Christophe Thibaut est à OCTO depuis octobre 2005 et s’intéresse plus particulièrement aux différents aspects de la prévention et du management de la qualité. Depuis quatre ans, il est dans la tribu Craft dont la vocation est d’aider les clients dans leurs pratiques de développement, principalement autour de la qualité.

Comment voyais-tu les architectes et l’architecture de SI avant d’arriver à OCTO ?

Quand j’ai commencé ma carrière, en 1988-1989, il n’y avait pas spécifiquement d’architectes : il y avait des chefs de projets, des développeurs qui connaissaient plus ou moins bien la technologie, mais pas d’architectes. J’ai vu apparaître ce métier spécifique chez mes clients.

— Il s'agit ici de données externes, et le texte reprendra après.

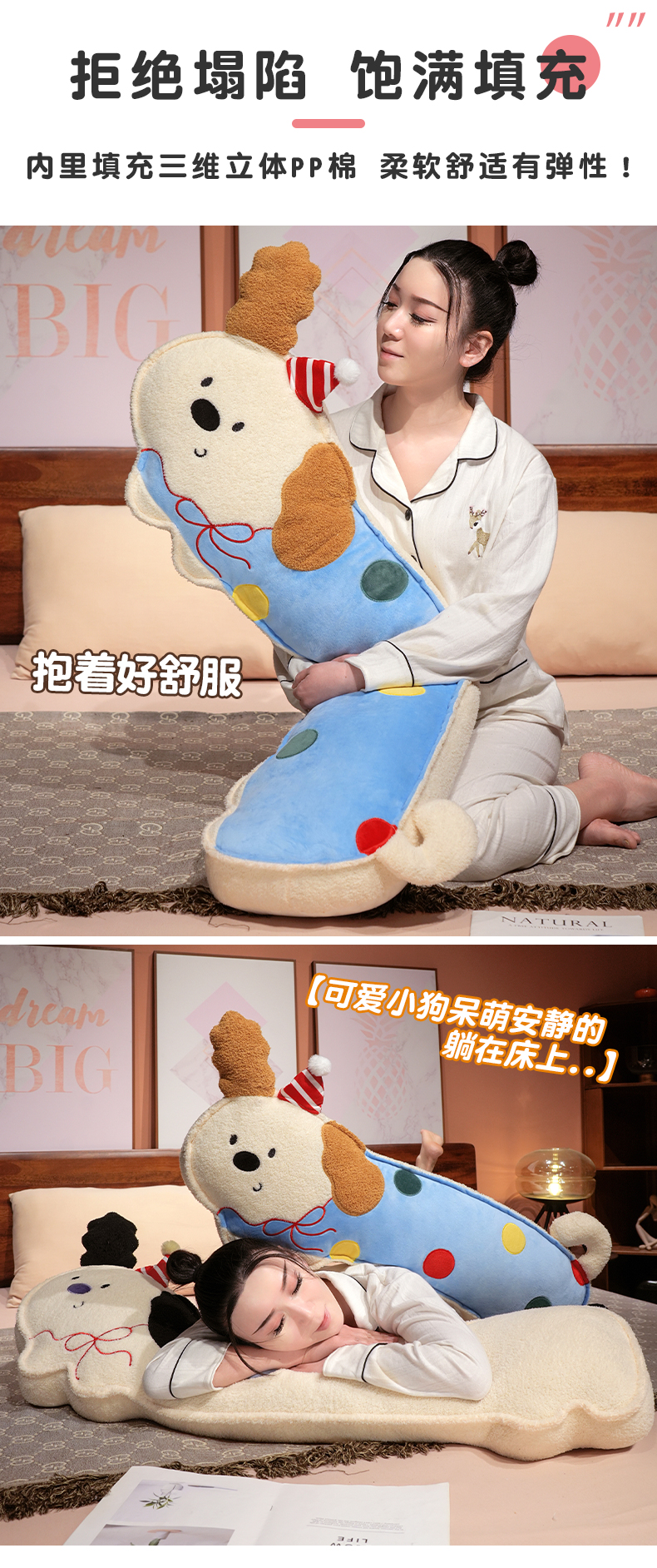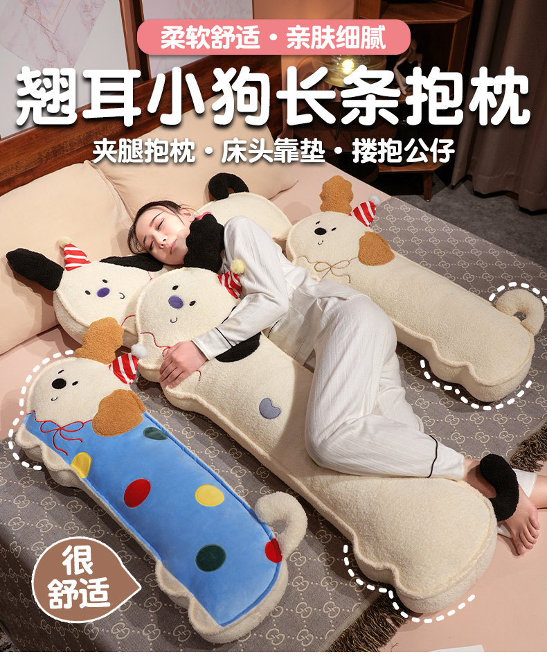 仟亿莱 2025新款压片翘耳小狗长条睡觉抱枕 组合图仅供展示

Des architectes ont commencé à pointer le bout de leur nez quand j’étais chef de projet dans une grande banque. Je les entendais parler de technologies nouvelles, à l’époque c’était l’objet et CORBA. Ces interlocuteurs parlaient technique mais n’étaient pas impliqués dans des développements, ils s’intéressaient plus aux choix technologiques.

Ensuite, dans d’autres missions, j’ai d’abord vu des DBAs puis des architectes qui ne parlaient plus seulement de base de données et de modélisation mais aussi de l’ensemble de l’application.

C’était nouveau pour moi car, venant de la micro-informatique, j’avais l’habitude d’une certaine autonomie des équipes dans le design des applications.

Avant d’entrer chez OCTO, les architectes étaient des espèces de spécialistes-généralistes avec une approche relativement haut niveau donc assez abstraite. Certains étaient très crédibles mais d’autres racontaient n’importe quoi.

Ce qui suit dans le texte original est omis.